An Initial DEX Offering, also known as an IDO, is a cryptocurrency crowdfunding method that allows a blockchain project to introduce their native cryptocurrencies through decentralized exchanges.
An Initial Game offering (IGO) is a type of crowdfunding method for blockchain-based games.
Lazy minting refers to an NFT being created off-chain and only being minted onto a blockchain once the NFT has been purchased.
‘LFG’ is a slang term that is used as a rallying cry for cryptocurrency enthusiasts that stands for ‘Let’s [bleep] Go!’
Cryptocurrency market capitalization (market cap) refers to the total value of cryptocurrency that is available in the market.
A mining pool is a group of blockchain miners who connect the computing power of their nodes together in order to strengthen their computing power and share any rewards gained by completing a block.
Minting refers to the creation of new cryptocurrencies or NFTs by means of a proof-of-stake consensus protocol.
NGMI stands for ‘Not Going to Make It’ and is the opposite term for WGMI or We’re Going to Make It.
NFA could refer to one of two things in cryptocurrency, depending on context. The first is as an abbreviation for ‘Not Financial Advice,’ the other is as an abbreviation for ‘National Futures Association.’
A private blockchain is a contained blockchain that can only be accessed by select nodes that are invited to join the network.
A Profile Picture (PFP) is a type of NFT collection that is intended to be used as the owner’s profile picture on a social media network.
A public blockchain is a truly decentralized blockchain that is open for anyone to join and to verify and read all transactions that occur within the public network.
A ‘rug pool’ is a type of cryptocurrency scam whereby the developers attract investors and then figuratively ‘pull the rug out from under them,’ meaning that they will abandon the project and disappear with the proceeds.
‘SATS’ is the abbreviation for ‘satoshis,’ in the same way that ‘USD’ is an abbreviation for ‘United States Dollar.’
“Shilling” is a negative term in the cryptocurrency space that refers to the practice of a malicious actor excessively promoting a specific cryptocurrency with the aim of inflating its value so as to dump their crypto at a high price.
Slippage refers to the difference in expected price versus actual price when performing a cryptocurrency transaction.
‘Staking’ is a type of crpytocurrency reward that is given to certain cryptocurrency holders on particular blockchains.
Token swapping refers to the process of transferring digital assets from one blockchain to another blockchain.
An asset’s time-weighted average price (TWAP) is a measure of the price of a cryptocurrency over a specific period of time.
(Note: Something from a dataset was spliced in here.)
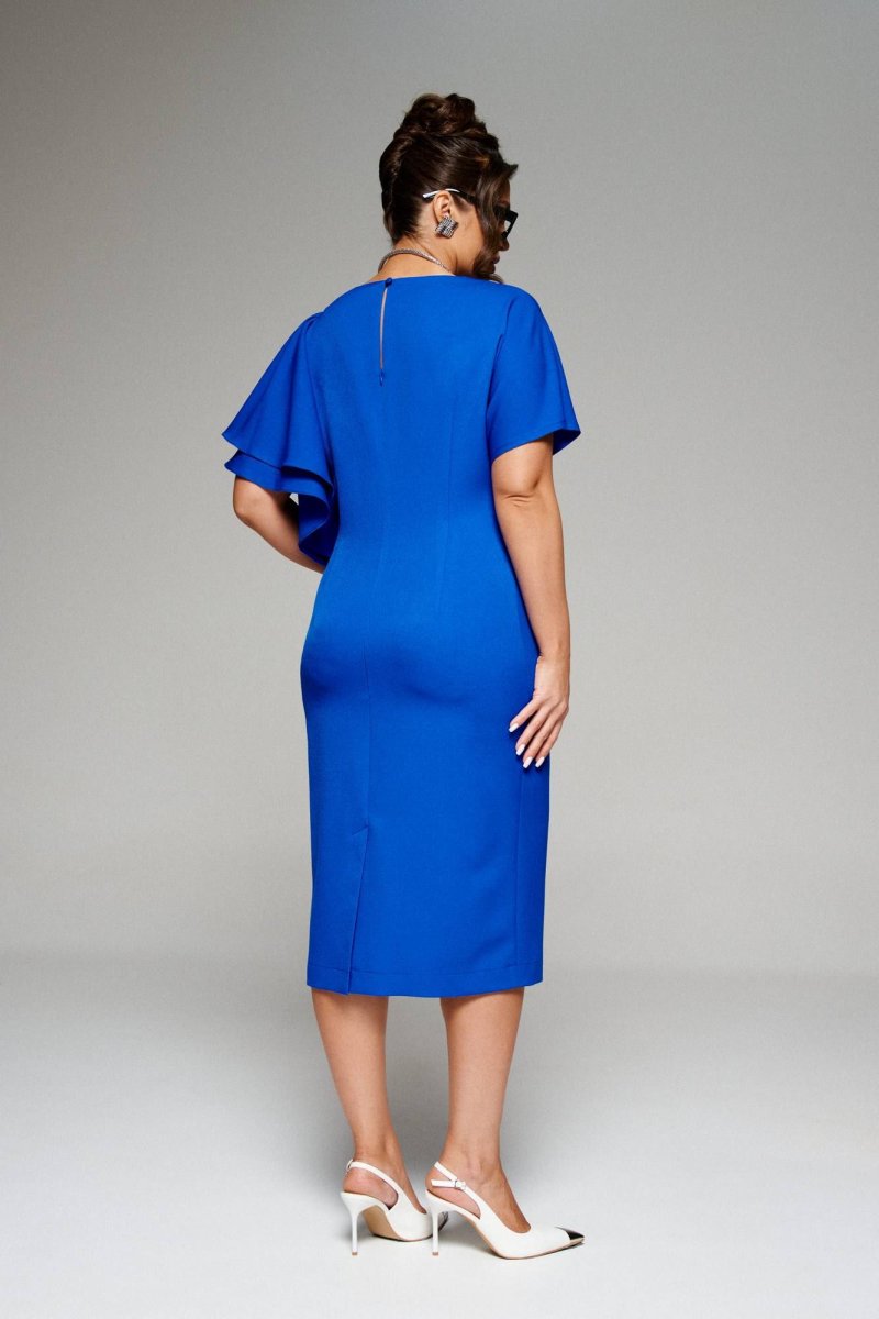Воплощение мечты о весне после зимы. Создавать романтические образы можно всегда - носим платье в любой сезон. Платье женское, прилегающего силуэта в нарядно-романтическом стиле; выполнено из костюмно-смесового полотна приятного на ощупь. Перед платья с наклонным подрезом чуть выше уровня талии и с вертикальными вытачками от него. Спинка разрезная по среднему шву, в верхней части которого предусмотрена потайная молния, с небольшим разрезом-каплей, который фиксируется на петлю и пуговицу, а в нижней – шлица. Так же на спинке присутствуют две вертикальные вытачки на уровне талии. Горловина овальной формы. Рукава асимметричные. Правый рукав цельнокроеный, со спущенной линией плеча. Левый рукав-крылышко – свободный и широкий.

Wash trading in cryptocurrency refers to a type of market manipulation whereby someone buys and sells the same asset multiple times in a short period to deceive other cryptocurrency traders into believing that there is a higher demand for it than there is, thereby artificially driving up the market price.
WGMI means ‘We’re Going to Make It’, a term used in the cryptocurrency community to denote optimism.
A cryptocurrency whale, more commonly referred to as a ‘crypto whale’ or ‘whale,’ is a term used to refer to an individual or wallet address that owns a very large amount of cryptocurrency.